## TASK TO COMPLETE
Please retype the listing below word for word and exclude its images.

## DATA BELOW

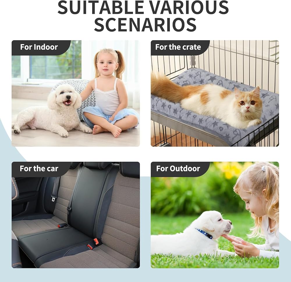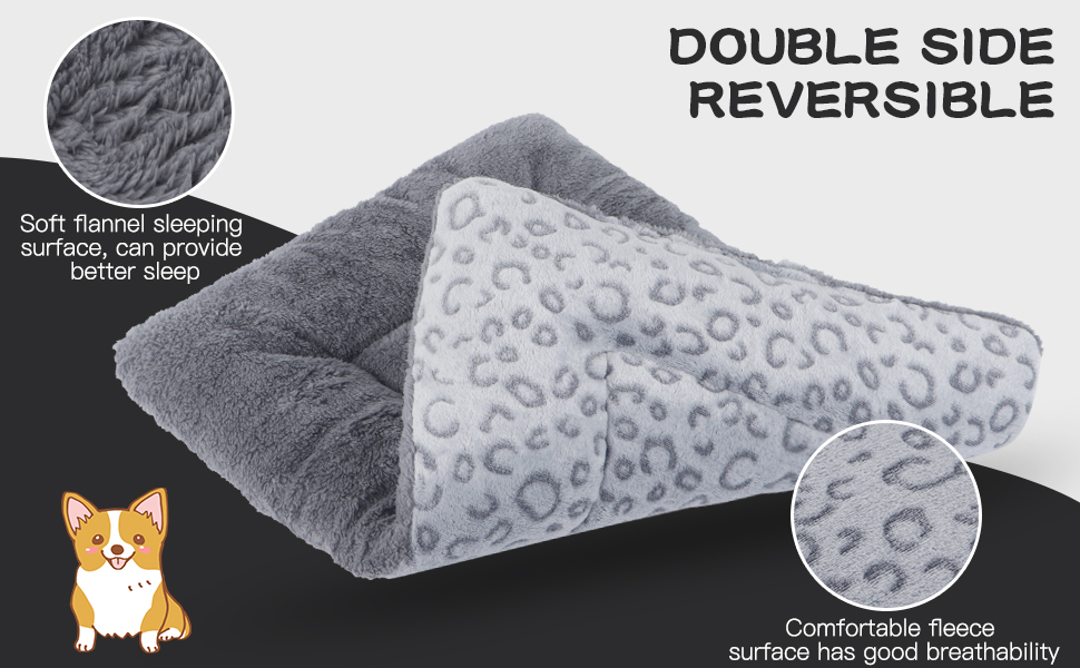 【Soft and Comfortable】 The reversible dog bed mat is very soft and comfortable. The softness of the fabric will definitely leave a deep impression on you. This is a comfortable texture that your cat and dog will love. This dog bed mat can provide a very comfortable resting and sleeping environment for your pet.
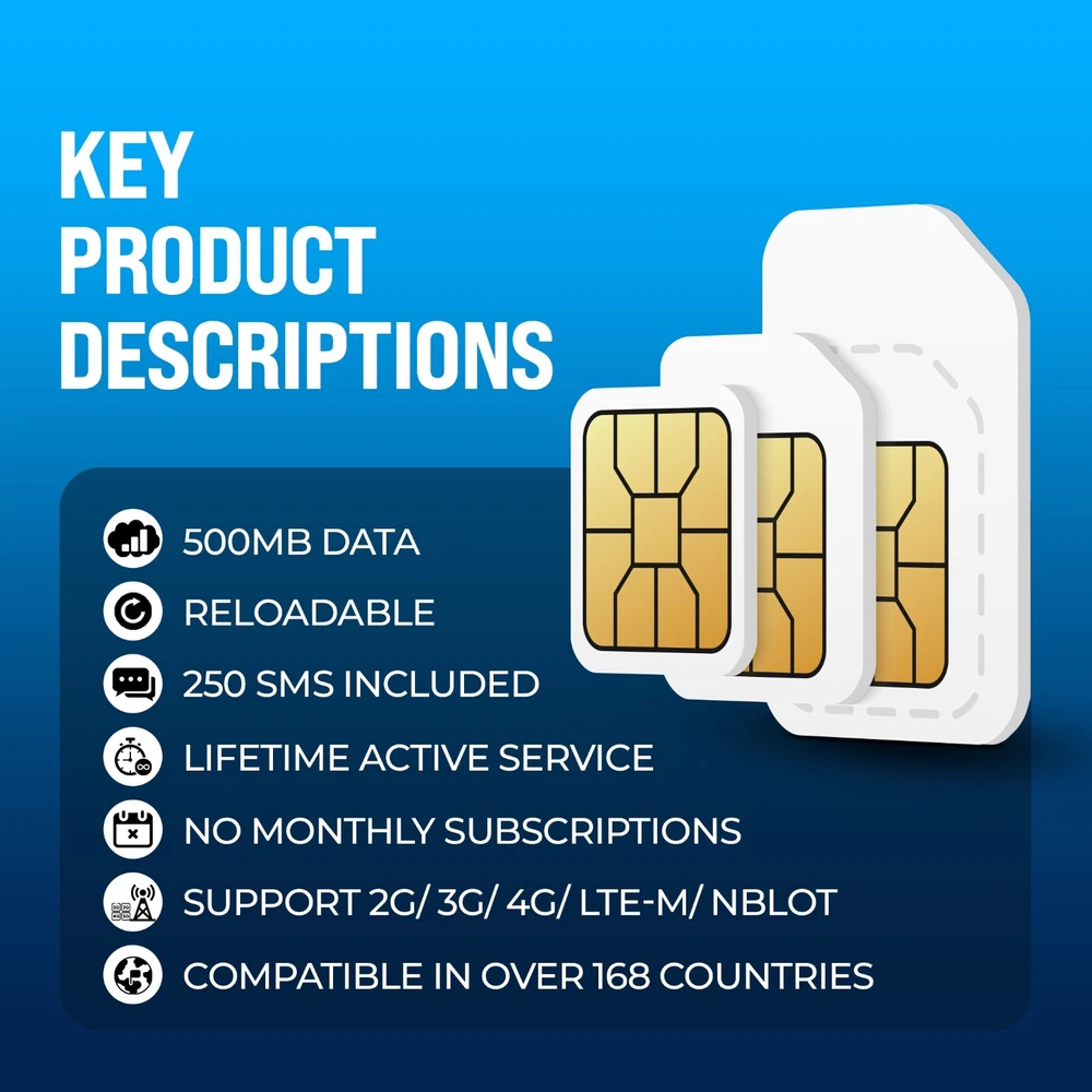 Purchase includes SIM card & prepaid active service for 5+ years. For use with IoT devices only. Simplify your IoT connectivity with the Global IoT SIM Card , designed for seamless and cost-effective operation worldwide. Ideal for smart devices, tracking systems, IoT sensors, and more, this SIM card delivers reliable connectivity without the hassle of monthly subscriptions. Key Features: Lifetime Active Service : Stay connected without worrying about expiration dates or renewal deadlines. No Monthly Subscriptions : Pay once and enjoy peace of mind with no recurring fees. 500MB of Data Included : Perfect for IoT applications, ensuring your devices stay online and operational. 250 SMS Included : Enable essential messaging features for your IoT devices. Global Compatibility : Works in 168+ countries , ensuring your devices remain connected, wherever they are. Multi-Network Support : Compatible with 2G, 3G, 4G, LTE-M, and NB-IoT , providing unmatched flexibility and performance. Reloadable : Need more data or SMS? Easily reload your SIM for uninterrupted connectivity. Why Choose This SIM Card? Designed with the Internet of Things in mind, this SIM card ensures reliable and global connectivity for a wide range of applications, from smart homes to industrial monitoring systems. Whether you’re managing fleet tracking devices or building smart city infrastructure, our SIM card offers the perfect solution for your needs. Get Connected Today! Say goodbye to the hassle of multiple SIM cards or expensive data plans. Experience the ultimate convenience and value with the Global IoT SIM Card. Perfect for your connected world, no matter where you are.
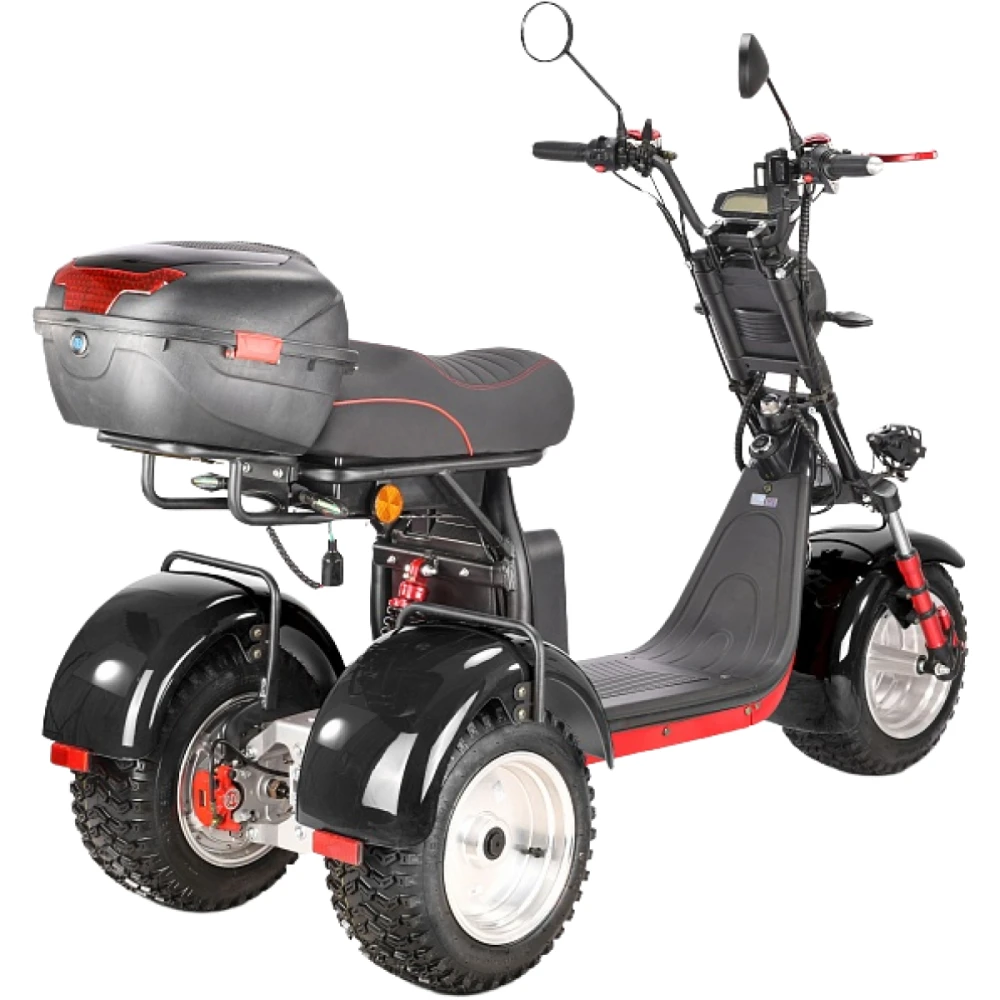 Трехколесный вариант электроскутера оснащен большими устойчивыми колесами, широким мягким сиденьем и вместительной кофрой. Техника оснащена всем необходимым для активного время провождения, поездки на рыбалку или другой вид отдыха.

## RESULT
 【Soft and Comfortable】 The reversible dog bed mat is very soft and comfortable. The softness of the fabric will definitely leave a deep impression on you. This is a comfortable texture that your cat and dog will love. This dog bed mat can provide a very comfortable resting and sleeping environment for your pet.
 Purchase includes SIM card & prepaid active service for 5+ years. For use with IoT devices only. Simplify your IoT connectivity with the Global IoT SIM Card , designed for seamless and cost-effective operation worldwide. Ideal for smart devices, tracking systems, IoT sensors, and more, this SIM card delivers reliable connectivity without the hassle of monthly subscriptions. Key Features: Lifetime Active Service : Stay connected without worrying about expiration dates or renewal deadlines. No Monthly Subscriptions : Pay once and enjoy peace of mind with no recurring fees. 500MB of Data Included : Perfect for IoT applications, ensuring your devices stay online and operational. 250 SMS Included : Enable essential messaging features for your IoT devices. Global Compatibility : Works in 168+ countries , ensuring your devices remain connected, wherever they are. Multi-Network Support : Compatible with 2G, 3G, 4G, LTE-M, and NB-IoT , providing unmatched flexibility and performance. Reloadable : Need more data or SMS? Easily reload your SIM for uninterrupted connectivity. Why Choose This SIM Card? Designed with the Internet of Things in mind, this SIM card ensures reliable and global connectivity for a wide range of applications, from smart homes to industrial monitoring systems. Whether you’re managing fleet tracking devices or building smart city infrastructure, our SIM card offers the perfect solution for your needs. Get Connected Today! Say goodbye to the hassle of multiple SIM cards or expensive data plans. Experience the ultimate convenience and value with the Global IoT SIM Card. Perfect for your connected world, no matter where you are.
 Трехколесный вариант электроскутера оснащен большими устойчивыми колесами, широким мягким сиденьем и вместительной кофрой. Техника оснащена всем необходимым для активного время провождения, поездки на рыбалку или другой вид отдыха.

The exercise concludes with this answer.